DIY Preparation vs. Commercial Manufacturing
The basic steps above are simple enough that people have prepared homeopathic remedies at home for over two centuries. All you technically need is the source material, clean glass vials, purified water or an alcohol-water solution, and a way to measure your dilution ratios accurately.
Commercial manufacturing, however, operates under a very different set of expectations. In the United States, homeopathic products are legally classified as drugs under the Federal Food, Drug, and Cosmetic Act. They are subject to the same statutory requirements as conventional drugs, including labeling rules and Current Good Manufacturing Practice (CGMP) regulations. The FDA has documented serious violations at some homeopathic manufacturing facilities, including contamination with foreign materials and objectionable microorganisms, which it identifies as a significant safety risk.

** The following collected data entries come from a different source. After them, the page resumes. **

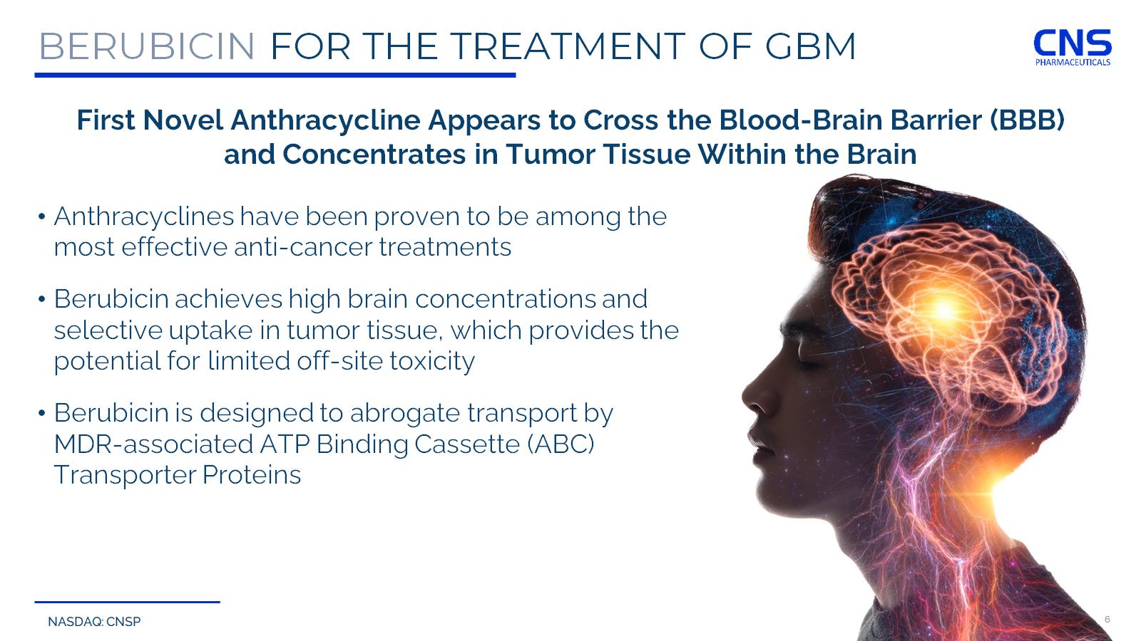 NASDAQ: CNSP 5 THE BLOOD BRAIN BARRIER (BBB) A Tight Layer of Highly Specialized Cells Surrounding the Brain that Prevent Harmful Substances from Penetrating into the Brain • Previously studied anthracyclines have shown no efficacy in brain tumors due to their inability to cross the blood - brain barrier • Berubicin is a next generation anthracycline that appears to cross the blood brain barrier and kill tumor cells in the brain • This represents a potentially new treatment for patients with glioblastoma multiforme (GBM), an aggressive and currently incurable form of brain cancer Current Anthracyclines Berubicin
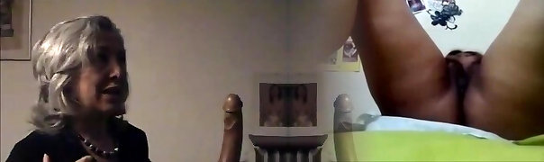 Grandma porn star Sandora uses a huge fuck stick, then has lesbo sex.
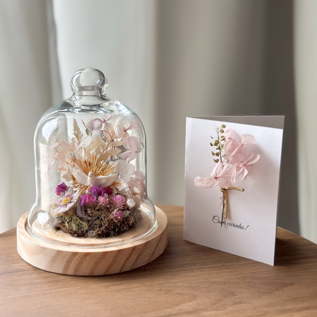 A Redoma Floral Espírito Santo fica linda na decoração, além de ser uma ótima opção para presentear.
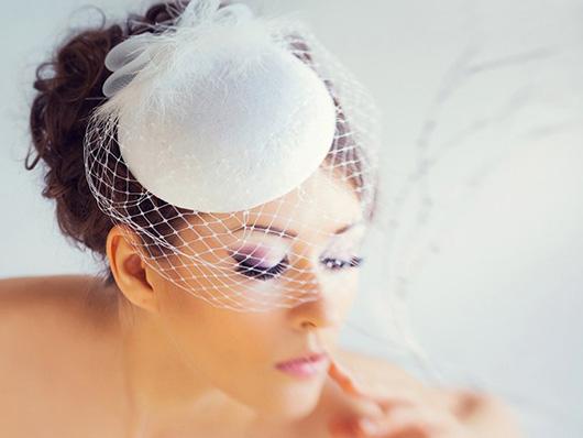 Самым романтичным образом стилисты называют тот, который загадочно прикрывает лицо или часть лица вуалью. Вуалетка, как и любая другая шляпка для новобрачной гораздо лучше выглядит в тандеме с лентами, пёрышками и цветочными композициями.
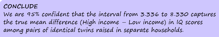 You can now use TInterval (the same function we used for 1 sample mean intervals in 10.1) to calculate a 95% confidence interval for the DIFFERENCE in temperature between 1900 and 2000.

Products sold commercially must list only active ingredients and dilutions found in the HPUS. Manufacturers are expected to verify the identity of every ingredient, ensure the absence of harmful contaminants, and maintain production controls that prevent cross-contamination between batches. The FDA treats products with significant quality problems, particularly those made in facilities that deviate from CGMP standards, as enforcement priorities.

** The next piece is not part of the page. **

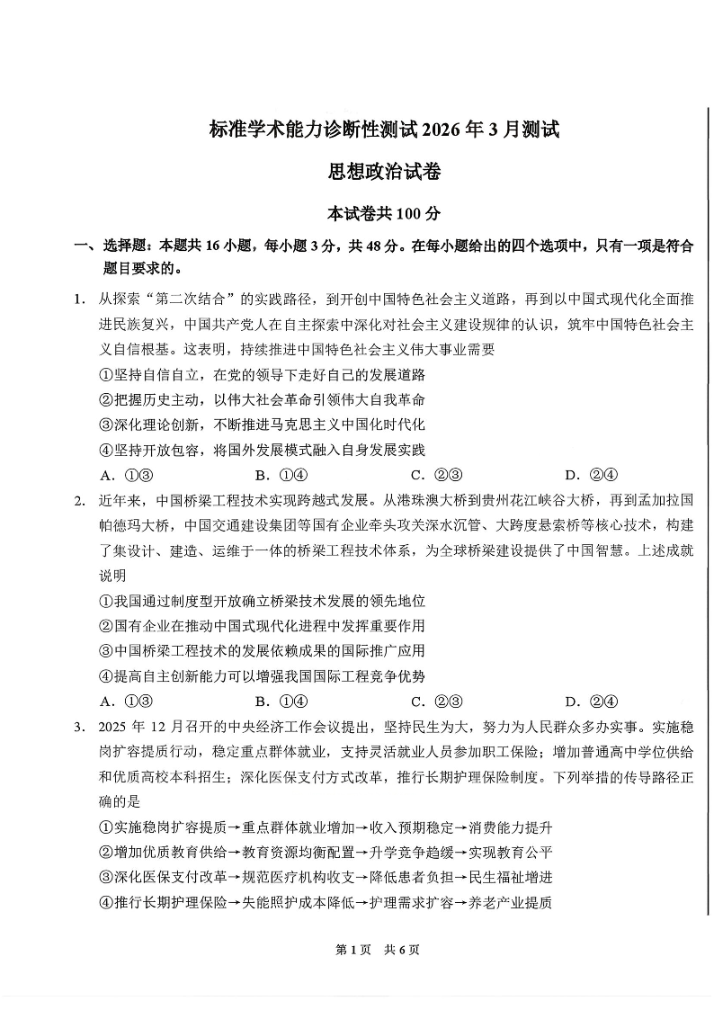 标准学术能力诊断性测试2026年3月测试 政治试题(含答案).pdf
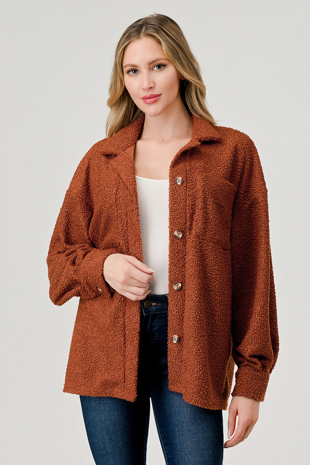 Teddy- Boucle look Button down Top /Jacket (shacket) perfect for layering over other tops. The perfect polished, yet casual look. Made in USA

Why the Process Matters to Practitioners
Within homeopathic practice, the preparation method is not considered optional or ceremonial. Practitioners draw a sharp distinction between a substance that has simply been diluted and one that has been properly potentized through the full dilute-and-shake cycle. A gently stirred solution and a vigorously succussed one are, in their framework, fundamentally different products even if they are chemically identical.
Research has examined whether succussion produces measurable physical changes in solutions. One study published in Scientific Reports analyzed patterns left by evaporated droplets from preparations that had been succussed with 100 strokes, 10 strokes, or no succussion at all (just gentle mixing). The researchers found distinguishable patterns between the groups, though interpreting what those patterns mean for therapeutic effect remains an open question.
From a scientific standpoint, no homeopathic preparation has been shown to work better than a placebo in large, well-controlled clinical trials. The process described above produces a remedy that is, in most cases, chemically indistinguishable from plain water or sugar. Whether you view that as a feature or a flaw depends entirely on which framework you are working within.